Finite element modeling of heat transfer in single and multilayered deposits of Ni-WC produced by the laser-based powder deposition process

Abstract

The localized high-energy input and high-cooling rate inherent in the laser-based powder deposition (LBPD) process yield deposits with superior mechanical and metallurgical properties. However, these characteristics induce thermal stresses within the deposited material that subsequently lead to cracks. This tendency is predominant in the LBPD of metal–ceramic composite materials such as nickel (Ni) and tungsten carbide (WC).

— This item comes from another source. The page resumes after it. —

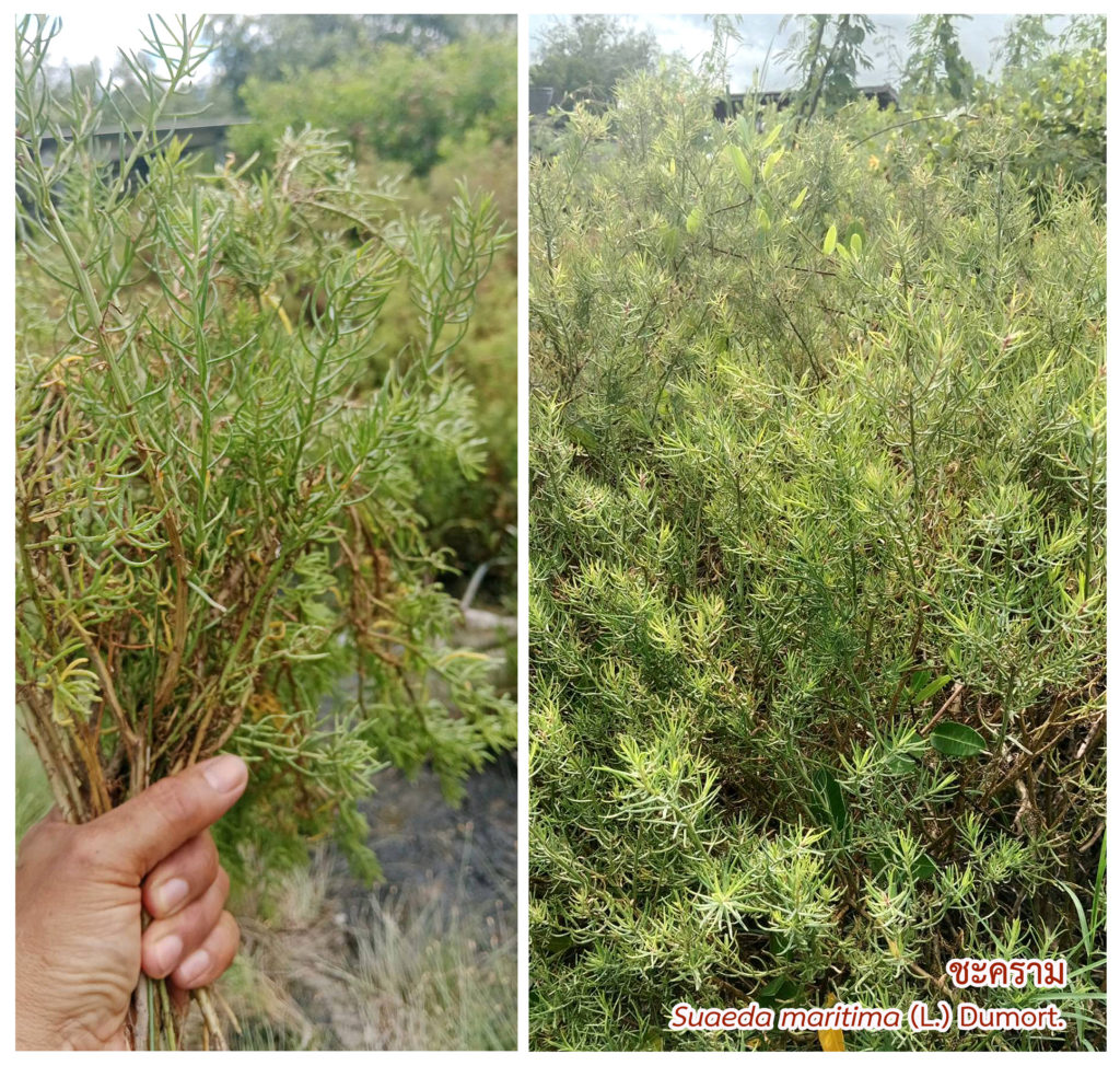 ชะคราม (ชื่อวิทยาศาสตร์ : Suaeda maritima (L.) Dumort.,ชื่อสามัญ: Seablite) แม้จะเป็นพืชล้มลุกป่าชายเลนแต่ก็สามารถงอกงามได้ตลอดทั้งปี และมีอายุยืนยาว อย่างไรก็ตาม ในฤดูฝนชะครามจะเจริญสมบูรณ์อวบอิ่มและเขียวเข้มดั่งเส้นมรกต เป็นที่รู้กันว่าชะครามเป็นเหมือนปรอทวัดความเค็มของดินในบริเวณชายทะเล ป่าชายเลนและนาเกลือได้ดี โดยชะครามที่ขึ้นในดินเค็มมากใบจะออกสีแดงอมม่วงอ่อน และต้นที่ขึ้นในดินที่เค็มน้อยหรือดินกร่อยใบจะออกสีเขียวเข้มหรือสีเขียวแกมน้ำเงิน ดังนั้น ชะครามจะมีสีเฉดใด รสชาติเค็มมากน้อยจึงขึ้นอยู่กับพื้นที่และฤดูกาล กล่าวคือ ในฤดูแล้งน้ำแห้งดินเค็มจัด พุ่มชะครามจะออกเป็นสีแดงอมม่วง แต่ช่วงฤดูฝนน้ำมาก ความเค็มในดินลดลง พุ่มชะครามจะมีสีเขียวสด กิ่งก้านอวบน้ำ รสชาติไม่เค็มมาก แต่อุดมด้วยคุณค่าทางอาหารและยาสูงสุด

In this study, the thermal behavior of single and multilayered compositionally graded Ni-WC composite material during LBPD is studied using an experimentally verified three-dimensional finite element model. The model incorporates both directional- and temperature-dependent material properties. The effect of the mass fraction of the reinforcement, laser power, scanning speed, powder flow rate, and preheating temperature on temperature, temperature gradient, cooling rate, and molten pool evolution are investigated. The distribution and dissolution of WC in Ni-WC deposits are analyzed in the light of the scanning electron microscope, energy-dispersive spectroscopy, and microhardness distribution. The dissolution of WC in the molten Ni varies based on the mass fractions of the Ni and WC and the prevailing thermal conditions such as molten pool temperature and cooling rate. Experimental and numerical results confirm that the desired composition gradient can be achieved in a multilayered Ni-WC composite material deposit by adjusting the laser power. The developed heat transfer analysis may be used to select the suitable process variables needed to achieve the desired properties in the LBPD of single and multilayered Ni-WC composite material.